- Theatrical release poster
- Directed by: Naveen
- Written by: Naveen
- Produced by: Naveen
- Starring: Naveen Sendrayan Kuberan Rajaj Oviya
- Cinematography: Tony Chan
- Edited by: Athiyappan Siva
- Music by: Natarajan Sankaran
- Production companies: White Shadows Productions Pasanga Productions
- Release date: 13 September 2013;
- Running time: 155 minutes
- Country: India
- Language: Tamil

= Moodar Koodam =

2013 Indian film by Naveen

Moodar Koodam is a 2013 Indian Tamil language action comedy film written, produced and directed by Naveen. The film stars the director himself alongside Sendrayan, Kuberan, and Rajaj in lead roles. Oviya, Anupama Kumar, Jayaprakash, Five Star Krishna, and Uday Mahesh play other pivotal roles. The film was produced by director Naveen himself under the "White Shadows Productions" banner with Pandiraj through his Pasanga Productions. The music is by Natarajan Sankaran. The film was released on 13 September 2013.

==Plot==
Naveen, Sendrayan, Kuberan, and Vellaichami aka White are four men who are trapped in a cycle of poverty. The story begins with a meeting between them in a police station where they are held in connection with a theft case. Disillusioned with society and their place in it, they plan to burgle the mansion of White's treacherous uncle Bhaktavatsalam, whom they believe has left town with his family to go on a pilgrimage. Instead, as the four men plan to break into Bhaktavatsalam's residence, they discover that the family is still inside the house. Thereafter, the criminals take Bhaktavatsalam and his entire family hostage. What follows is a bizarre and comical hostage situation. At one point, the home intruders even force their hostages, including Bhaktavatsalam, his wife Mandothari, and his grown daughter, Karpagavalli to stand upside down on their heads. Soon, a variety of characters congregate to the house, and the four bandits get involved in a quagmire involving moneylenders, enforcers and the mafia.

==Cast==

- Naveen as Naveen
- Sendrayan as Sendrayan
- Kuberan as Kuberan
- Rajaj as Vellaichami (White)
- Oviya as Karpagavalli "Kapuli"
- Jayaprakash as Bhaktavatsalam
- Anupama Kumar as Mandothari
- Uday Mahesh as Salim Bhai
- Five Star Krishna as Naaikaran
- Sindhu Naveen as Farzana
- Baskar as Thakali
- Sanjeevee as Auto Kumar
- Sabeesh as Sabeesh
- Manasa as Subiksha
- Winco Prakash as Kilavar
- Bobby Tejay as Miles
- Aadhira as Veetu Velaikkarar
- Raja Rishi as Vakka

==Soundtrack==
Music was composed by newcomer Natarajan Sankaran. It includes a recreated version of the song "Neeyum Bommai" from Bommai (1964). The audio launch was held on 29 April 2013 at Sathyam Cinemas.

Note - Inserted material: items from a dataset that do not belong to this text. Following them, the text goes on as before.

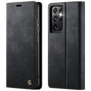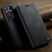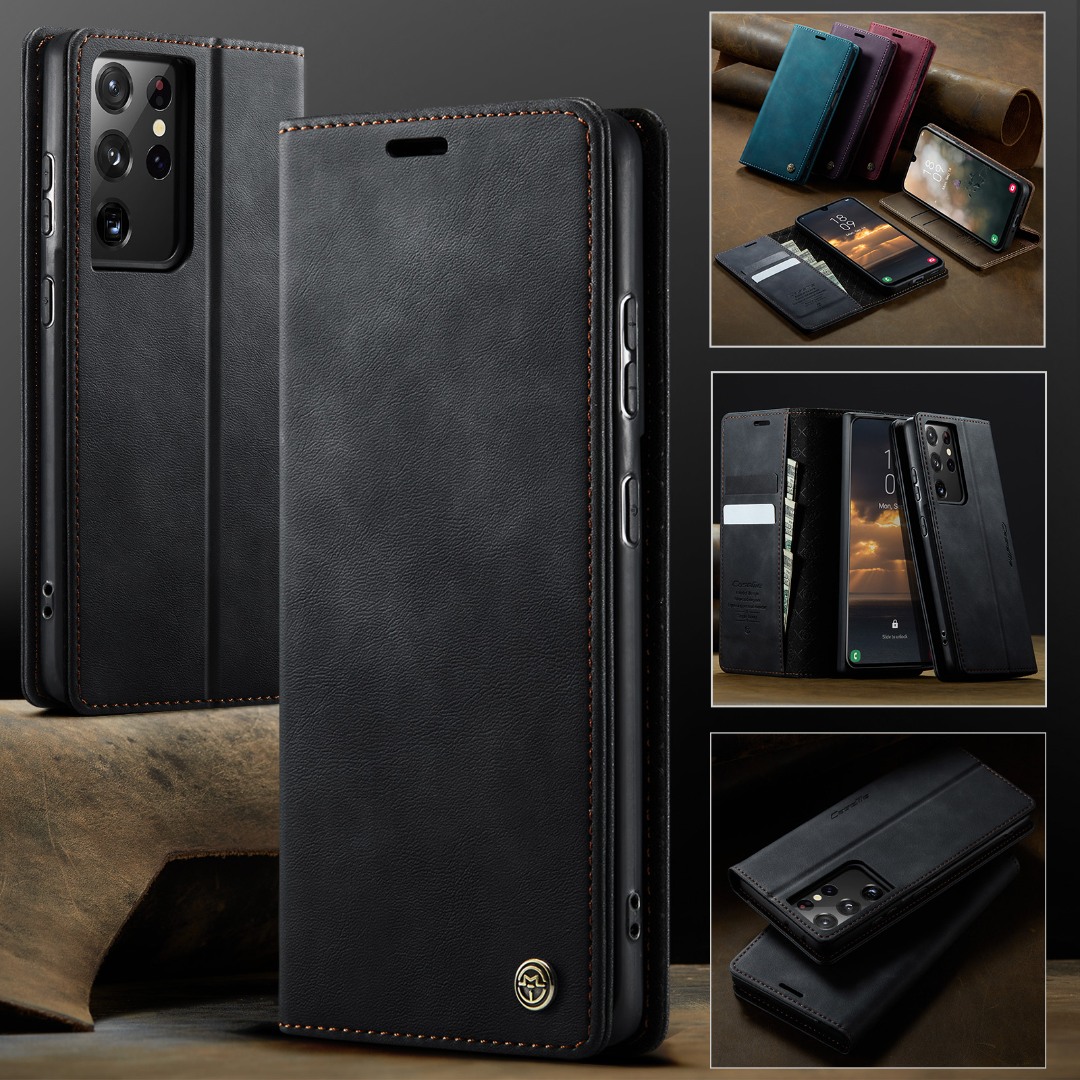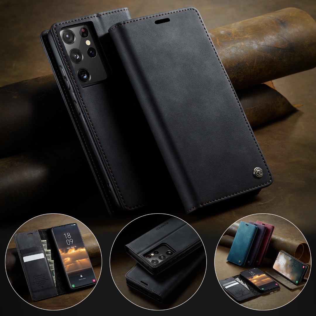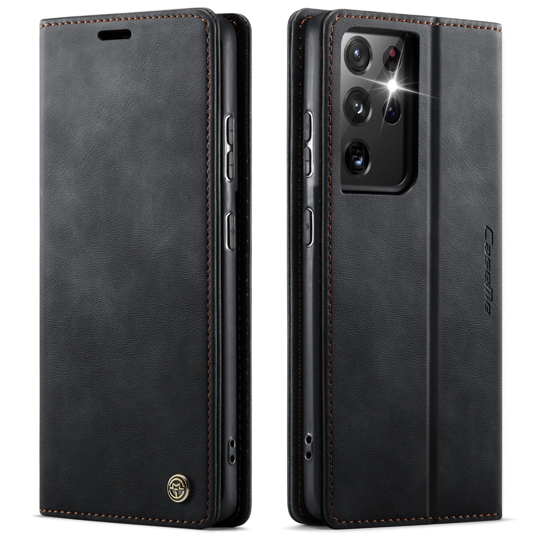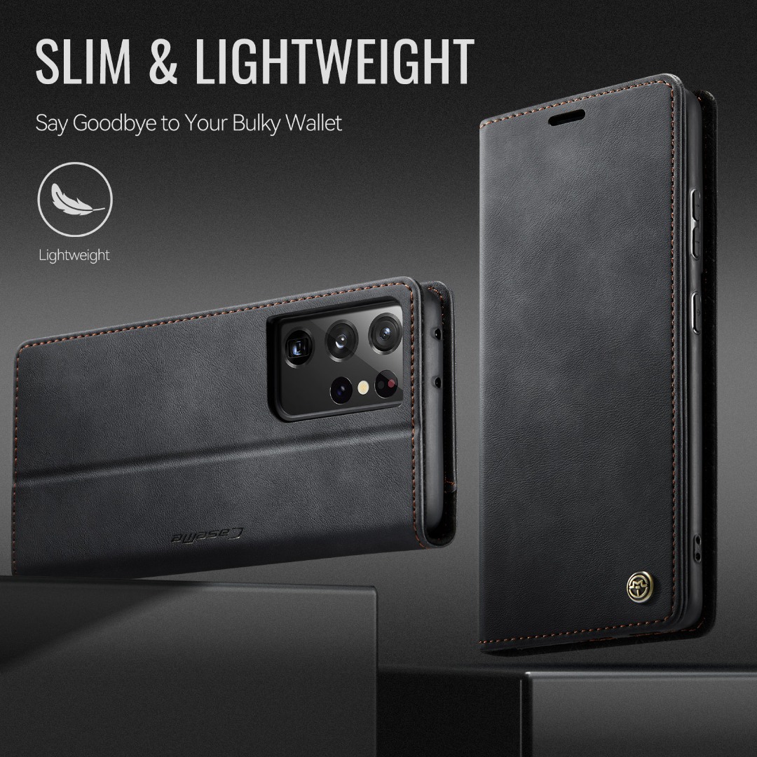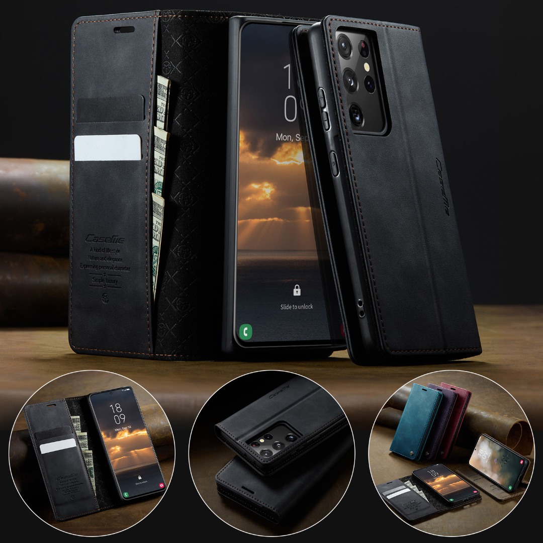 Husa pentru Samsung Galaxy S21 Ultra - Slim tip portofel, cu stand si inchidere magnetica – textura neteda, aderenta sigura, usor de curatat, design curat si minimalist, CaseMe, Negru carbon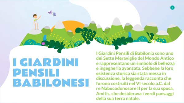 I Giardini Pensili di Babilonia sono uno dei Sette Meraviglie del Mondo Antico e rappresentano un simbolo di bellezza e ingegneria avanzata. Sebbene la loro esistenza storica sia stata messa in discussione, la leggenda racconta che furono costruiti nel VI secolo a.C. dal re Nabucodonosore II per la sua sposa, Amitis, che desiderava i verdi paesaggi della sua terra natale.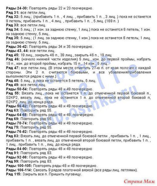 Через 57 см = 176 рядов (61,5 см = 190 рядов) от планки закрыть оставшиеся по 28 (37) п. плеч.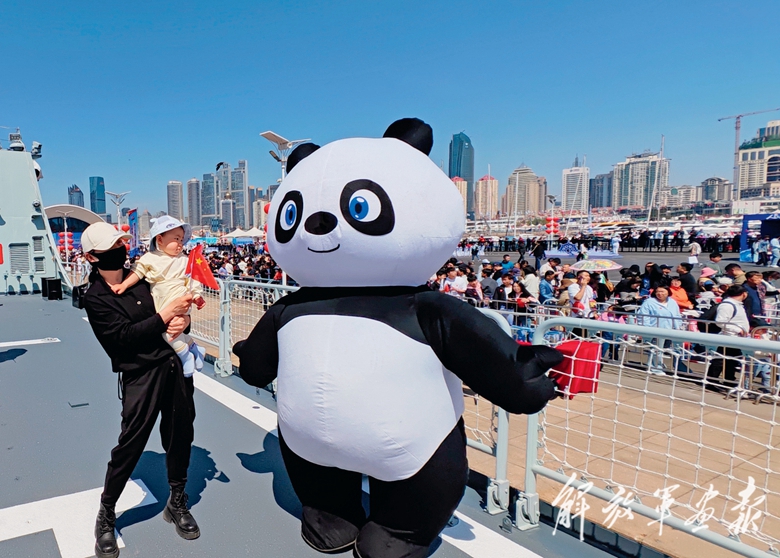 青島奧帆中心碼頭,成都艦、臨沂艦懸掛滿旗靠泊開放,幾只憨態(tài)可掬的大熊貓玩偶帶著“第二故鄉(xiāng)”的問候“現(xiàn)身”,吸引參觀者拍照留念。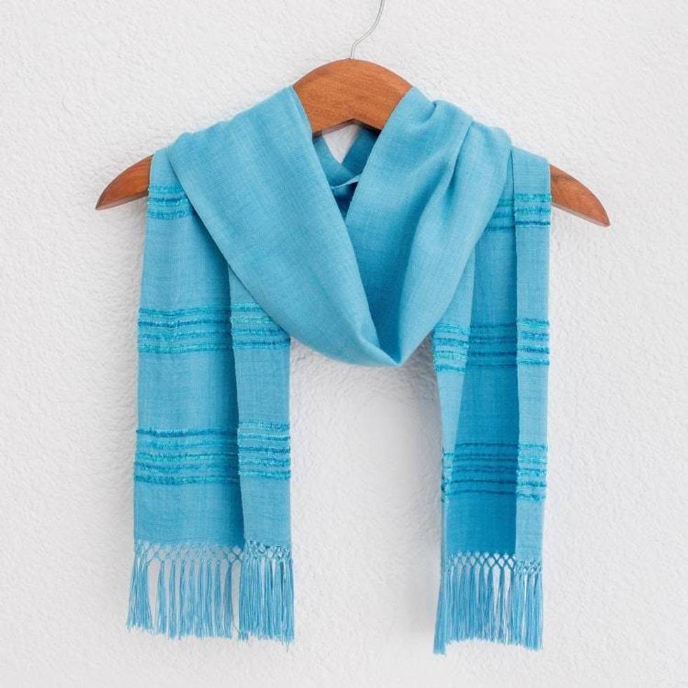 Handwoven Blue and Turquoise Rayon Fiber Scarf 'Mystic Maya Sky' Item ID: 2676659869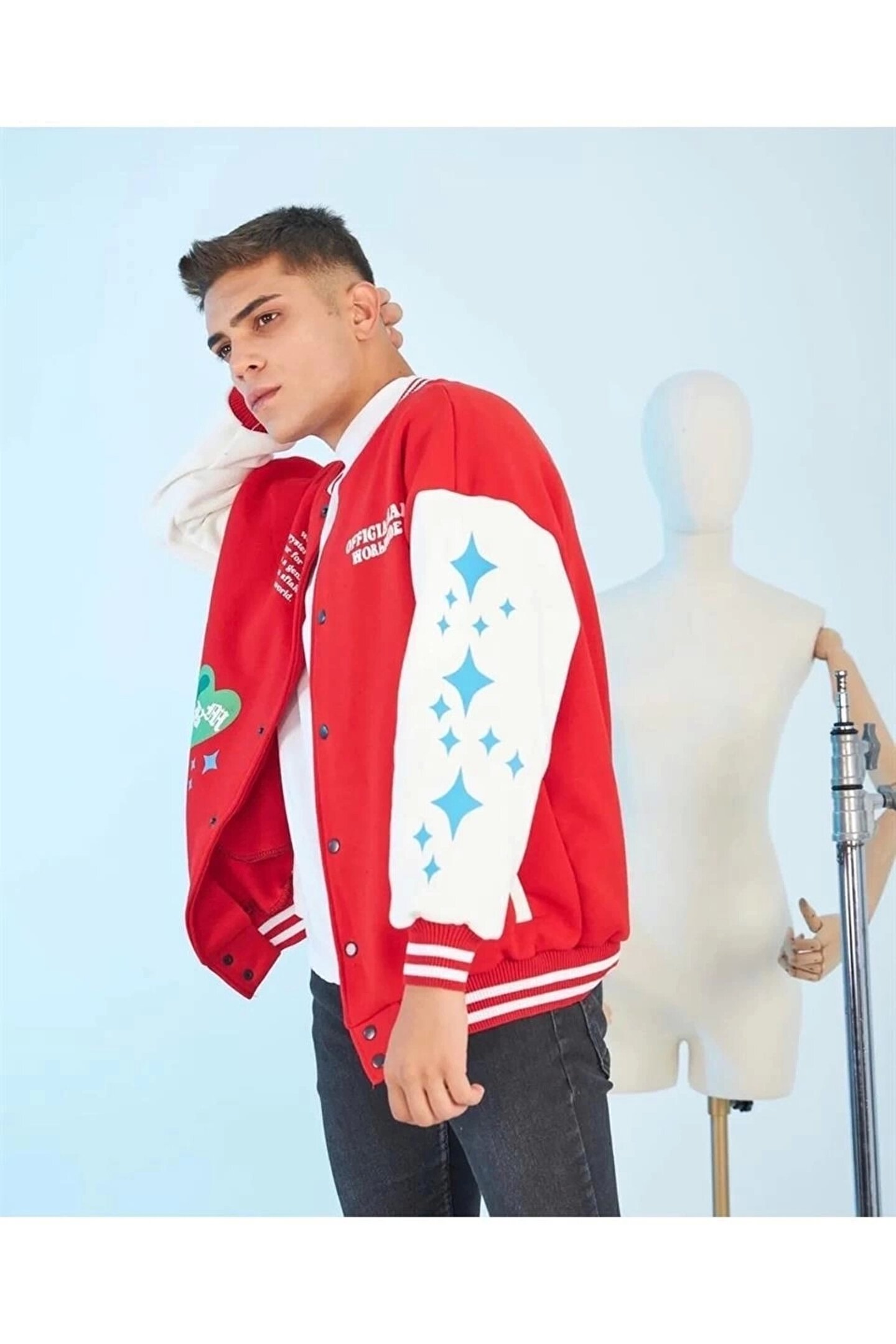 LUMİART Erkek Kolları Yıldız Sırt Baskılı Oversize Kolej Ceket - Kırmızı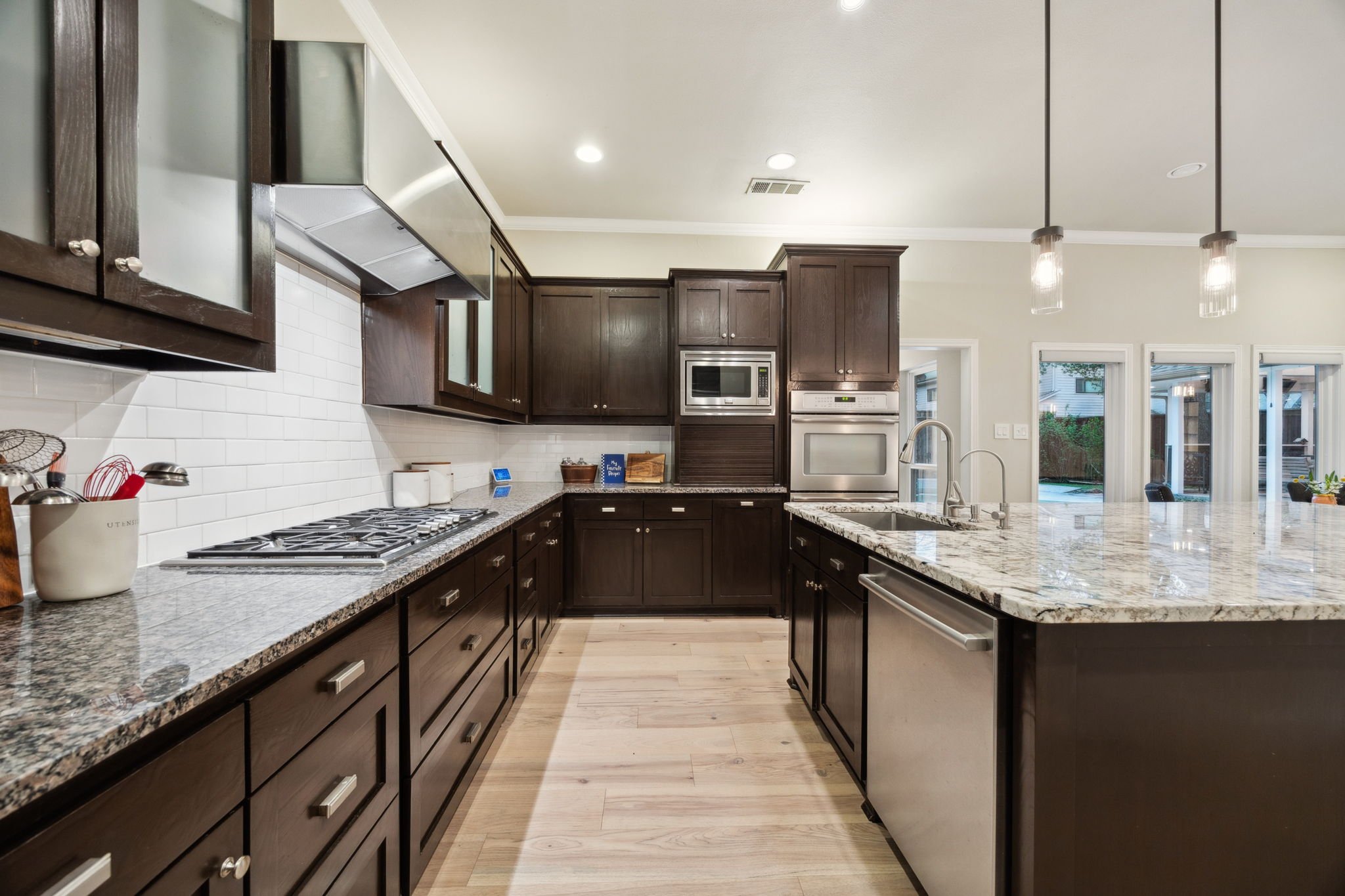 Step outside into your personal outdoor paradise—where a sparkling pool invites you to unwind and relax. The covered outdoor living space is equipped with a mounted TV, surround sound speakers, heaters, and an outdoor kitchen. Whether hosting lively gatherings or enjoying quiet evenings, this outdoor haven is designed for year-round enjoyment.

- "ABCD Ungappan" – Sricharan, Raginisri, Naveen
- "Achamillai" – S. P. B. Charan
- "Autokumar" – Natarajan Sankaran
- "Idhu Nalla Naai" – Naveen
- "Kannodu Kangal" – Srinivas
- "Moodar Koodam Theme"
- "Neeyum Bommai" – K. J. Yesudas
- "Nila Odi Va" – Subhiksha Rich Ray
- "Oru Oorula" – S. P. B. Charan
- "Vela Vetti" – Naresh Iyer

==Critical reception==
Cinema Vikatan has given a highly positive feedback (50/100). Many things like cast, dialogue etc. were highly appreciated. The review also quoted that black-humour is very rare in Tamil cinema and the director was appreciated specially for his attempt. The Times of India wrote: " With snappy visuals, hyper-kinetic editing, this is a dark comedy influenced by world cinema while still being rooted to local values". Rediff.com wrote: "Comedy and satire are beautifully interwoven in Moodar Koodam with excellent support from all the cast. The only negative in the film is the number of characters and incidents incorporated into the film, creating an overdose of everything". Baradwaj Rangan wrote for The Hindu, "A genuinely scripted comedy, there are moments that are genuinely funny. His next film will be awaited with much interest."

== Accolades ==
The film won the Best Dialogues award at the 8th Vijay Awards, and was nominated in two other categories: Best Debut Director and Best Screenplay.